**Activity:**
Exactly as they appear below, repeat the lines from the one with "Голова от разрушенной" through the one with "韩寒高二时在上海市巨鹿路《萌芽》编辑部参加活动时与李其纲合影". Drop every picture.

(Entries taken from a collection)
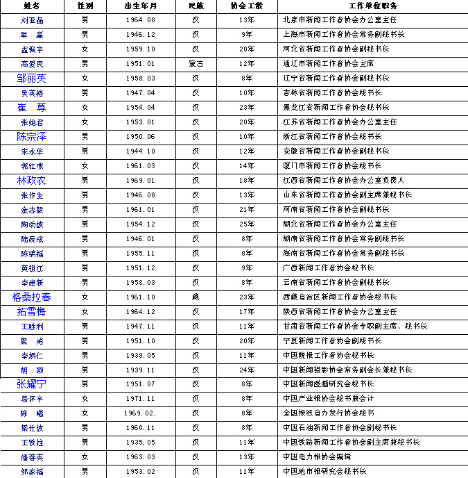 全國優(yōu)秀記協(xié)工作者名錄
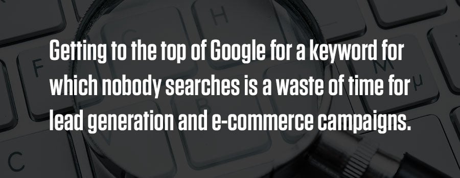 We see this frequently when conducting SEO audits. If keywords have been selected without careful research, you may be chasing keywords that sounded good to you in theory but have limited or no search volume. Getting to the top of Google for a keyword for which nobody searches is a waste of time for lead generation and e-commerce campaigns.
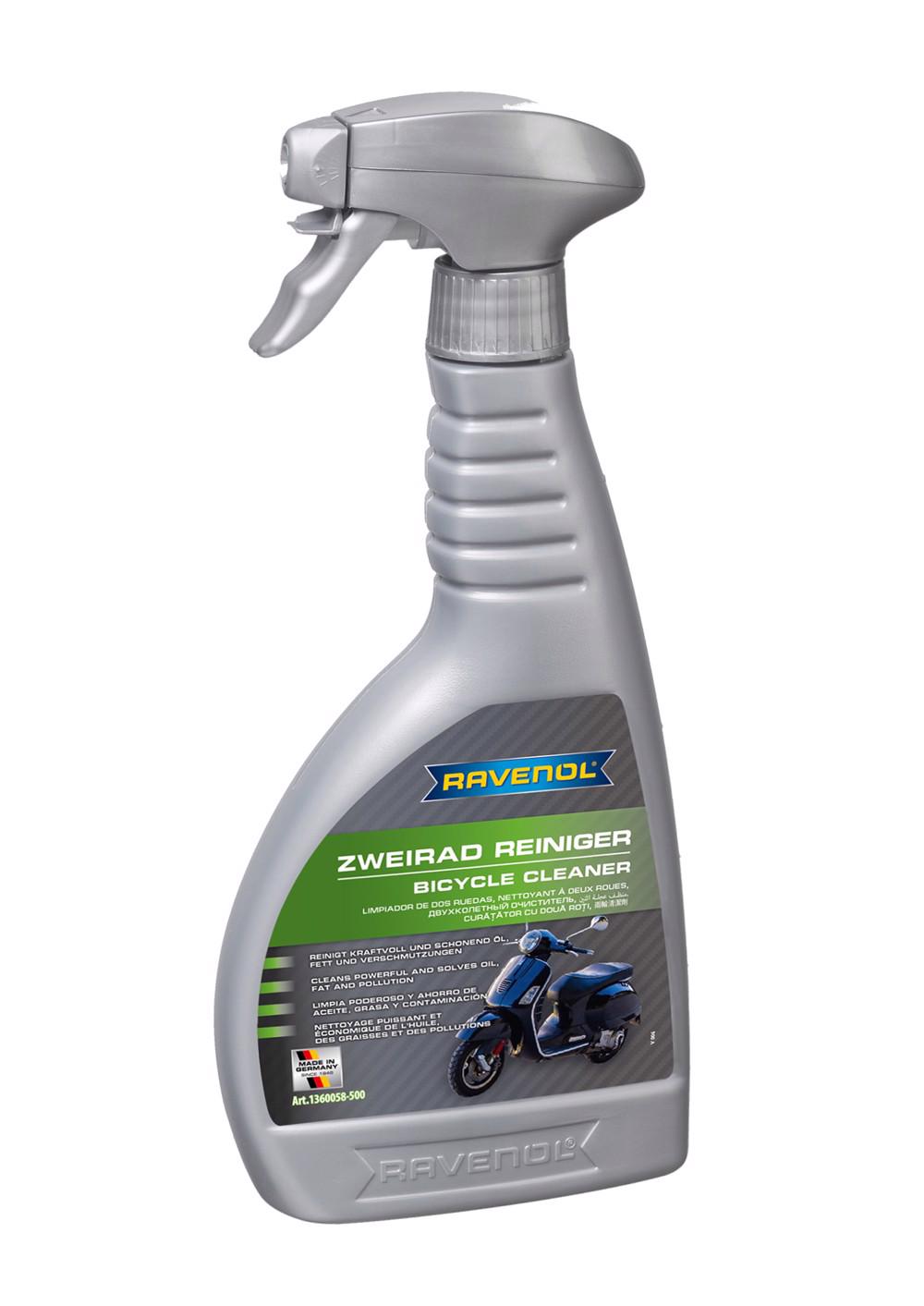 RAVENOL Zweirad-Reiniger indeparteaza fara probleme murdaria precum praf, ulei, unsoare, de pe aparatoarele de plastic, lantul de franare, etc. Este foarte eficient datorita cantitatii mici necesare pentru a curata o suprafata. Nu dizolva lipiciul sau lacul. Nu contine deloc formaldehida si fostat. Este biodegradabil in proportie de 98%.
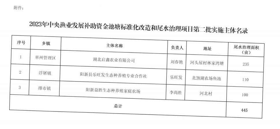 根据湖北省财政厅《关于拨付2023年中央渔业发展补助资金的通知》(鄂财农发〔2023〕63号)和省农业农村厅《办公室关于规范使用2023年湖北省渔业发展补助资金的通知》(鄂农办函〔2023〕186号)文件精神,下达阳新县池塘标椎化改造和尾水治理项目资金832万元,项目通过先建后补形式开展。已公示12家,因距离2024年省级尾水治理目标要求面积还有差距,补充3家尾水治理主体,补充面积445亩。现进行公示,公示期为2024年12月4日至12月9日,共5天。
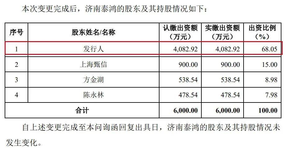 於是,泰鴻有限2011年以增資的方式入股濟南泰鴻。截至問詢函回覆之日,泰鴻萬立持有濟南泰鴻68.05%股權。
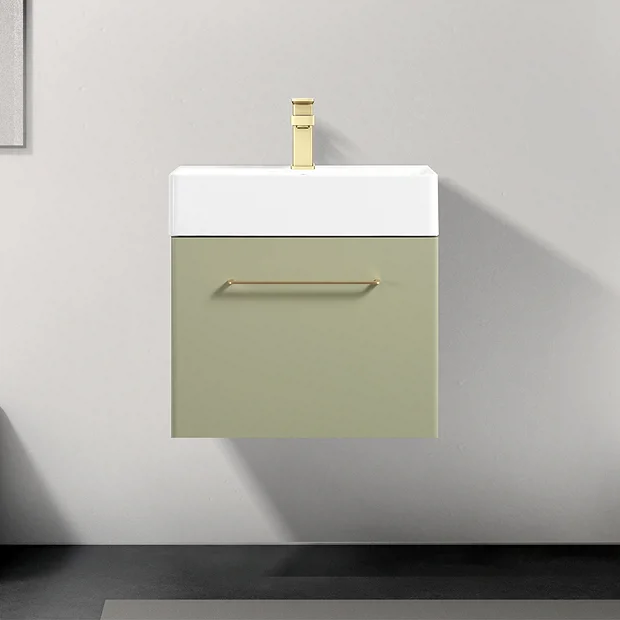Odyssey 600mm Wall Hung 1-Drawer Vanity Unit in Sage Green with Brushed Brass Handle
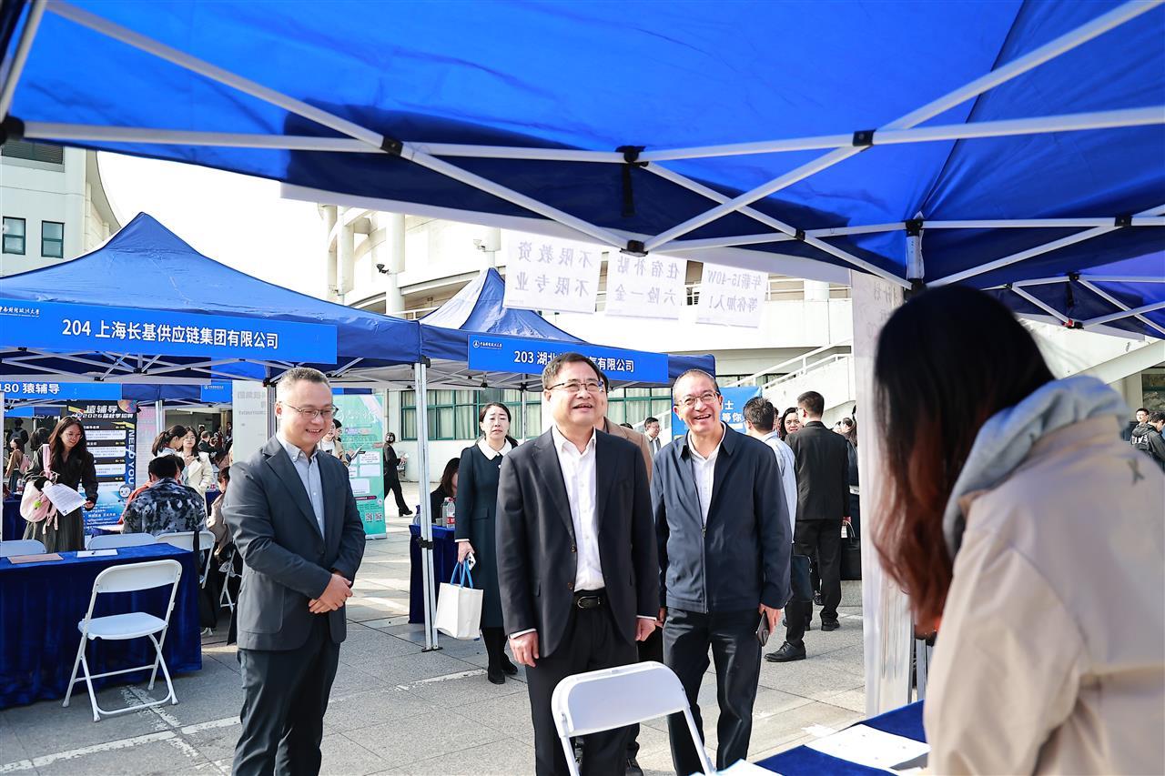 侯振发、朱方伟、陈狮一行还巡视了双选会现场,与湖北联投、三花控股、格力电器、宇通集团等招聘单位代表以及师生进行了亲切的交流。
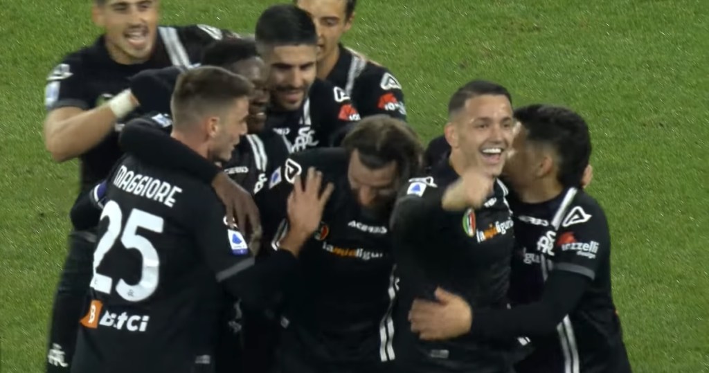 Kto wygrał to spotkanie? Spezia! Jedyna bramka padła po… samobójczym trafieniu Juana Jesusa w 37. minucie. Brazylijczyk niefortunnie odbił piłkę głową, która wpadła do bramki strzeżonej przez Davida Ospinę. Taka sytuacja, żeby wygrać mecz bez oddanego strzału celnego, nie miała miejsca od 2004 roku!
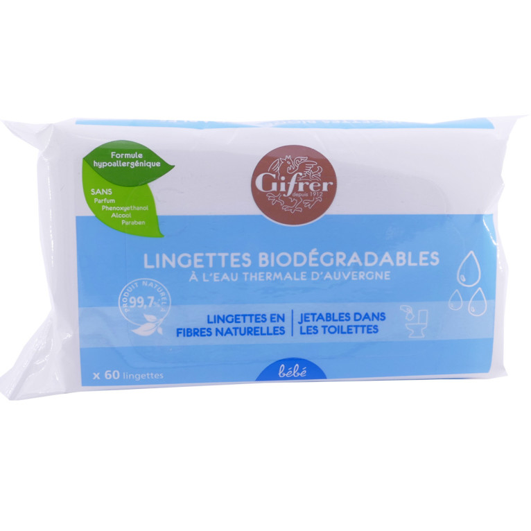 Les lingettes Biodégradables À L’Eau Thermale D’Auvergne discount de GIFRER, la santé au quotidien dans votre parapharmacie en ligne à prix discount, dans un soin conçu pour l’hygiène de la peau délicate de toute la famille (nourrissons, enfants, adultes) qui respecte l’environnement. Siège, visage, mains.
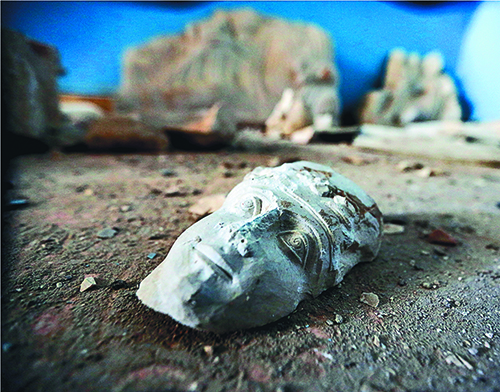 Голова от разрушенной античной статуи. Таких находок в освобожденной Пальмире очень много, 27 марта 2016 года
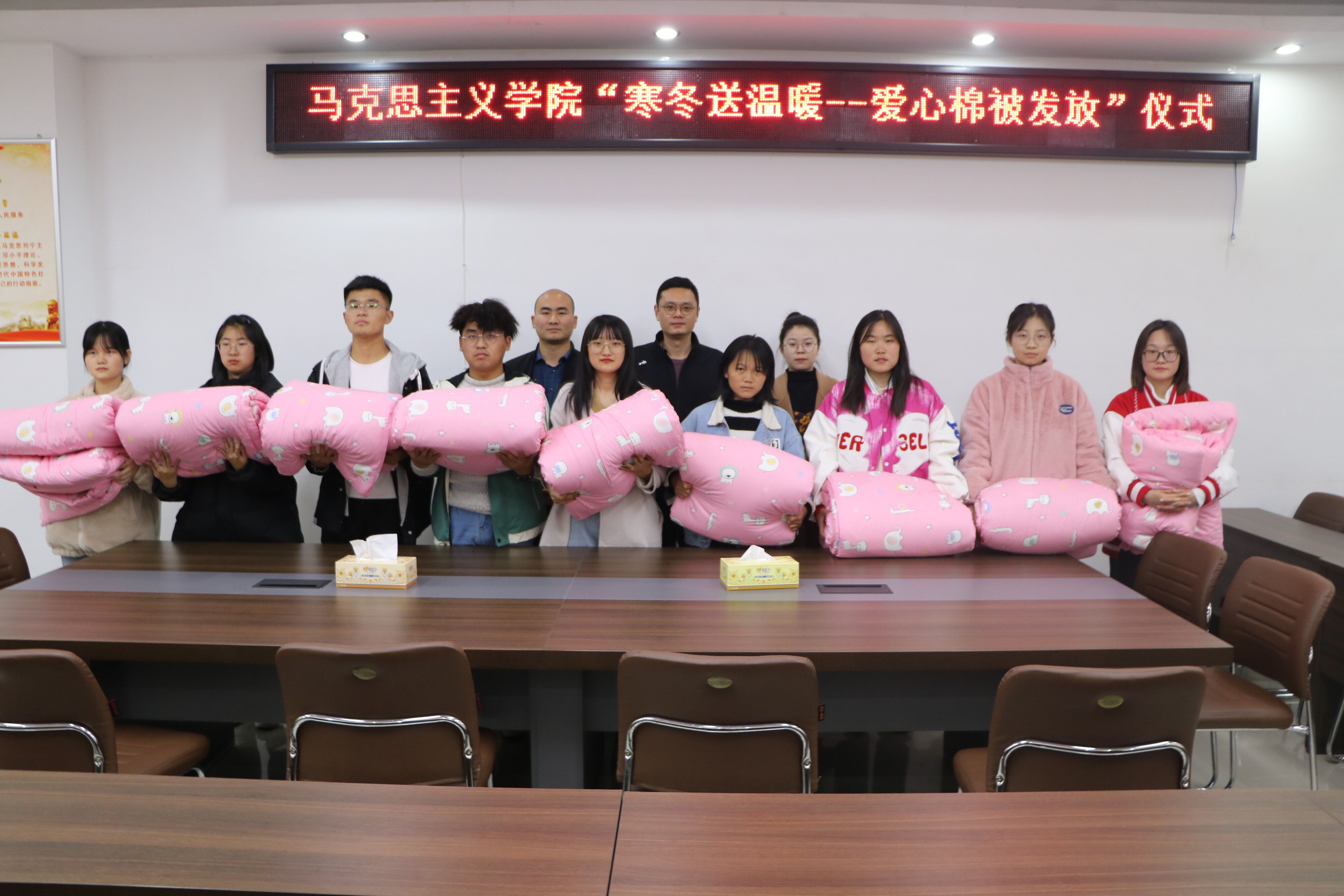 寒冬将至,温暖不止。11月26日下午,七大罪 在社科楼323会议室举行爱心棉被发放仪式。七大罪 党委副书记黄煌、班主任高小佳、周文豪及受资助学生共同参加此次仪式。仪式由黄煌主持。
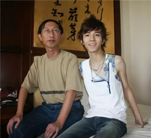 韩寒高二时在上海市巨鹿路《萌芽》编辑部参加活动时与李其纲合影
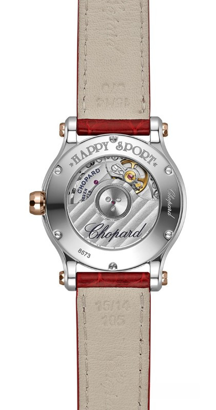 Часы Happy Sport с автоматическим подзаводом буквально искрятся элегантной женственностью. Корпус из нержавеющей стали и розового золота 18к диаметром 30 мм отличается совершенством плавных линий и яркой оригинальностью. Серебристый гильошированный циферблат подчеркивает роскошные римские цифры и изысканные детали отделки, а пять фирменных подвижных драгоценных камней исполняют проникнутый светом и радостью игривый танец. Часы комплектуются автоматическим механизмом, Калибр 09.01-C, обладающим запасом хода 42 часа. Модель комплектуется ремешком из кожи аллигатора с вставкой из нержавеющей стали.
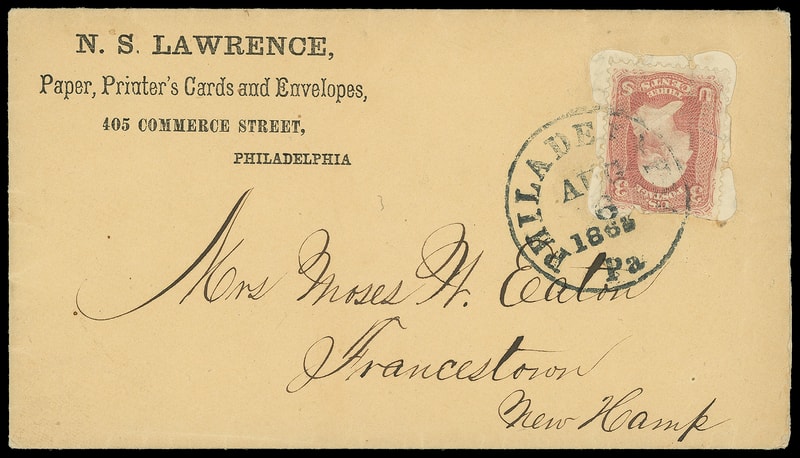 Leeds & Franklin Patent Envelope, buff "N.S. Lawrence, Paper, Printer's Card and Envelopes" corner card envelope with Type IA with "#" bars lattice pattern, bearing 3¢ rose (65) correctly affixed over lattice, tied by "Philadelphia, Pa. Aug 6, 1863" cds addressed to Francestown, N.H., with original 1863 letter, Very Fine and choice.
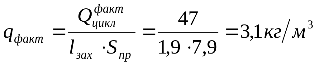 Средняя масса заряда в шпуре и величина заряда для каждого типа шпуров.

**Solved problem:**
 Голова от разрушенной античной статуи. Таких находок в освобожденной Пальмире очень много, 27 марта 2016 года
 寒冬将至,温暖不止。11月26日下午,七大罪 在社科楼323会议室举行爱心棉被发放仪式。七大罪 党委副书记黄煌、班主任高小佳、周文豪及受资助学生共同参加此次仪式。仪式由黄煌主持。
 韩寒高二时在上海市巨鹿路《萌芽》编辑部参加活动时与李其纲合影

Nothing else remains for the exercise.